Product affinity model¶

Product affinity is a predictive model that identifies which customers are likely to purchase next using a combination of historical purchase data and lookalike audiences. The predicted affinity model outputs a database table with a ranked list of customers by product affinity and three recommended audience sizes.

About product affinity models¶

Product affinity models predict which products customers are most likely to purchase next. The model combines two components: a random forest classifier and a beta-geometric distribution.

For each product attribute, such as a product category, brand, or product subcategory, the model scores every customer-product pair, and then:

Ranks products for each customer by product affinity.
Recommends audience sizes for each product based on how model predictions match actual purchase behaviors.
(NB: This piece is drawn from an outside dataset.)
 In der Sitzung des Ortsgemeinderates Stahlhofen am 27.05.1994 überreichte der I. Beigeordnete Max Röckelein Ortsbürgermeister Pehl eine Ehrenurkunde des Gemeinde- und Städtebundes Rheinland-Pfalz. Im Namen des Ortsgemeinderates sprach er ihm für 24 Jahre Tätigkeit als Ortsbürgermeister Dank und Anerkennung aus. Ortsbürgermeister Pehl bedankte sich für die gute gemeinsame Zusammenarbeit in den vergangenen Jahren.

How product affinity works¶

The product affinity model is an ensemble learning method with two independently trained submodels: a random forest classifier and a beta-geometric distribution. Each individual model contributes to the product affinity model’s output: product affinity scores.

Random forest classifier¶

A random forest classifier is an ensemble learning method for predictive affinity modeling. It learns historical purchase patterns, and then predicts the probability of customer purchases by product within a prediction window.

The random forest classifier for predictive affinity modeling predicts the probability of each customer purchasing each product attribute value, such as “shoes”, “outerwear”, or “shirts”, within the prediction window.
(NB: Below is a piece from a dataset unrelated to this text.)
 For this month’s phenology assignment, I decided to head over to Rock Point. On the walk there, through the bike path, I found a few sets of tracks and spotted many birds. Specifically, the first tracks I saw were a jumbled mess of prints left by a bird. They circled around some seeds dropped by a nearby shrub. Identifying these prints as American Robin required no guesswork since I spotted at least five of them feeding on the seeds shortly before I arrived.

The random forest classifier learns patterns from historical customer purchases, such as:

What products were purchased?
When was the most recent purchase?
Through which channel was a purchase made?
How do the products purchased relate to products purchased by similar customers?

The random forest classifier outputs a score between 0 and 1 for each customer-product pair.

Note

Hyperparameters for the random forest classifier are configured during model version setup.

Beta-geometric distribution¶

A beta-geometric distribution is a statistical calibration layer for predictive affinity modeling that estimates the probability that a customer will purchase within the next 30 days based on purchase recency and purchase frequency.

The calibration layer helps ensure that customers without purchases during the previous 2 years have scaled-down product affinity scores, even when their historical product preferences are strong.

Note

Hyperparameters for beta-geometric distribution cannot be modified.

Product affinity scores¶

Every customer-product pair is assigned a product affinity score, where:

Score = P ( purchase product | customer ) x P ( order in next 30 days )

Customers are ranked by score for each product. Top-ranked customers are assigned to recommended audiences.

Audience size predictions¶

Top-ranked customers are assigned to recommended audiences as an output of product affinity scoring.

All audience sizes and the purchase curve.

A recommended audience is a feature of product affinity modeling that answers the following question: “Which audience size grows revenue over the next 30 days?” Product affinity modeling answers this question with small, medium, and large recommended audience sizes. A recommended audience predicts future purchasers over the next 30 days.

The percentages for audience sizes are configurable as hyperparameters during initial model version setup.

Use cases¶

Product affinity modeling enables support for marketing campaigns that would benefit from knowing customer preferences across product categories with:

Recommended audience sizes
Ranking customers by affinity

Audience sizes¶

Recommended audience sizes are calculated using customer transaction data over a 30-day window. A purchase curve is generated, along with corresponding audience sizes that show what size audience would have been required to capture 50%, 70%, and 90% of purchases for a given product over the previous 30 days.

Audience sizes are inclusive of all smaller audience sizes.

A medium audience size (70%) includes all of your customers who are in the small audience size (50%).
A large audience size (90%) includes all of your customers who are in the small and medium audiences.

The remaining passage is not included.